DumaiHeadlines.com – Harga Bitcoin menunjukkan pergerakan yang tidak terduga sepekan setelah Bank Sentral AS, The Fed, memangkas suku bunga sebesar 25 basis poin.
Alih-alih langsung melonjak—sebagaimana aset berisiko umumnya merespons kebijakan moneter longgar—harga Bitcoin justru bergerak volatil, bahkan sempat turun ke level $111.500 setelah sempat menyentuh $117.700 hari ini.
Fenomena ini memicu pertanyaan besar di kalangan investor: mengapa sentimen dovish The Fed tidak serta merta mendorong harga kripto?
Likuiditas Belum Agresif: Dampak Profit Taking dan QT The Fed
Analis pasar kripto, Fahmi Almuttaqin menjelaskan bahwa pelemahan harga yang terjadi adalah respons terhadap dinamika pasar yang lebih kompleks daripada sekadar pengumuman suku bunga.
“Penurunan harga Bitcoin dan Ethereum saat ini sebagian besar disebabkan oleh pasar yang sudah mengantisipasi pemangkasan suku bunga jauh sebelum pengumuman resmi. Ketika keputusan keluar, sebagian investor melakukan aksi profit taking,” ungkap Fahmi melalui keterangan resminya, Kamis (25/9/2026).
Lebih lanjut, dia menyoroti bahwa faktor utama yang menahan reli adalah ketersediaan likuiditas dolar riil di pasar global. Meskipun suku bunga dipangkas, data neraca keuangan The Fed menunjukkan bank sentral tersebut belum agresif memperluas likuiditas.
Fahmi merujuk pada data mingguan H.4.1 Federal Reserve per 17 September 2025, yang mencatat total aset The Fed masih jauh di bawah puncak pandemi ($9 triliun).
“Angka tersebut menandakan proses Quantitative Tightening (QT) atau pengetatan kebijakan moneter, masih berlangsung, meskipun dengan tempo yang melambat. Pasar menyadari, penurunan suku bunga saja belum cukup; ketersediaan likuiditas dolar secara riil di pasar adalah penentu utama,” tuturnya.
Proyeksi Jangka Pendek: Pasar Kripto dalam Fase Netral
Meskipun likuiditas global masih tertahan, indikator on-chain jangka pendek menunjukkan sinyal yang mulai mereda.
Fahmi menyebut, indikator SOPR (Spent Output Profit Ratio)—yang mengukur perbandingan antara aksi profit taking dan cut loss—saat ini berada pada level yang relatif normal. Hal ini mengindikasikan bahwa tekanan jual jangka pendek mungkin akan cukup minim.
Potensi New All-Time High (ATH) dan Skenario Risiko
Melihat ke depan, kondisi pasar tetap mendukung proyeksi positif bagi Bitcoin di sisa tahun ini.
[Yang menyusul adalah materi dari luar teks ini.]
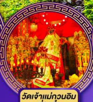
วัดเจ้าแม่กวนอิม ฮองฮ่า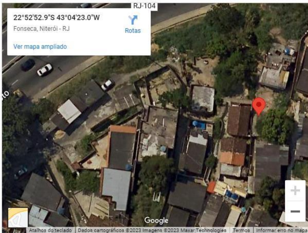
Figura 6 – Travessa S

Empresa Municipal de Moradia, Urbanização e Saneamento - EMUSA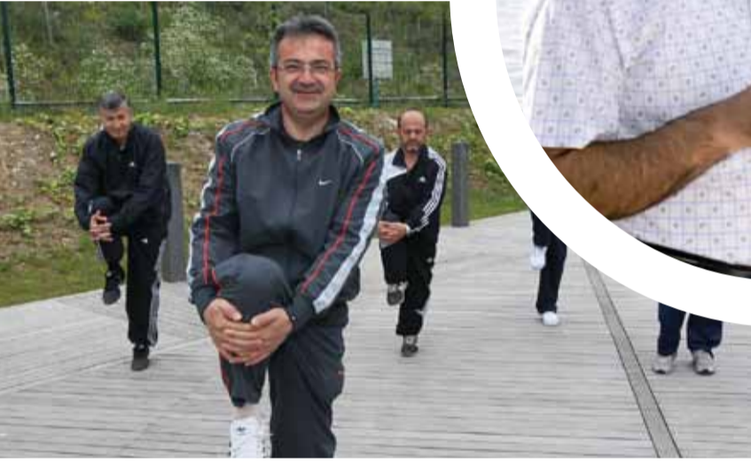
Gebze Belediye Başkanı Adnan Köşker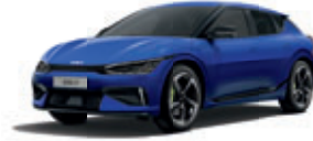
Yacht Blue (metalický lak)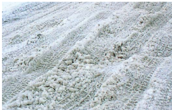
凹凸になった路面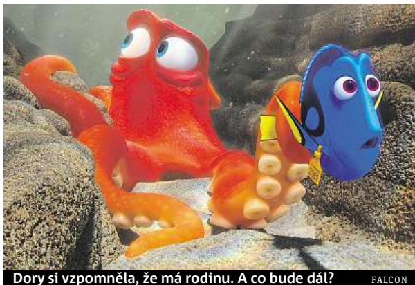
Dory si vzpomněla, že má rodinu. A co bude dál? FALCON

Pak si ale Dory z ničeho nic vzpomene, že kdysi a kdesi ztratila své rodiče. „Trpím výpadky krátkodobé paměti. Máme to v rodině... jestli si dobře vzpomínám. Hmm... Kde mám rodinu?“ Společně s Marlinem a Nemo se vydá na strhující dobrodružství napříč oceánem, které je zavede až do prestižního Mořského akvária v Kalifornii, kde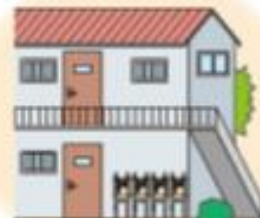
屋外に複数並べて設置

Fahmi memproyeksikan potensi kenaikan didukung oleh dua faktor utama:
- Outlook Suku Bunga Lanjutan: Hasil jajak pendapat dot plot FOMC pekan lalu mengindikasikan potensi dua kali pemangkasan suku bunga lanjutan, yang dapat memberikan sentimen positif jika didukung oleh kondisi inflasi yang stabil.
- Akumulasi Institusi: Tren akumulasi oleh investor institusi masih relatif solid, ditambah potensi berkembangnya adopsi ETF altcoin di masa depan.
Namun, investor juga dihadapkan pada skenario downside yang signifikan. Risiko terbesar adalah terjadinya pemerintah AS, yang dapat memicu tekanan arus kas jangka pendek dan potensi pemangkasan lapangan kerja berskala besar. Risiko lain termasuk lonjakan inflasi atau penguatan Dolar AS yang dapat memicu koreksi, dengan risiko Bitcoin turun di bawah $100.000.
Strategi Investor Indonesia: Fokus pada DCA dan Makro Global
Bagi investor di Indonesia, sisa tahun 2025 tetap membuka prospek diversifikasi ke aset risk-on seperti kripto.
Namun, mengingat volatilitas tinggi yang masih akan menyertai pergerakan Bitcoin, Fahmi menyarankan strategi Dollar Cost Averaging (DCA). Strategi ini dianggap lebih bijaksana ketimbang investasi dalam jumlah besar secara sekaligus.
“Pasar kripto kini tidak bisa dipisahkan dari dinamika makro global. Investor perlu memantau bukan hanya harga Bitcoin, tetapi juga indikator likuiditas dolar dan arus dana institusional,” tutup Fahmi, yang juga menekankan pentingnya pemahaman makroekonomi dalam pengambilan keputusan investasi kripto.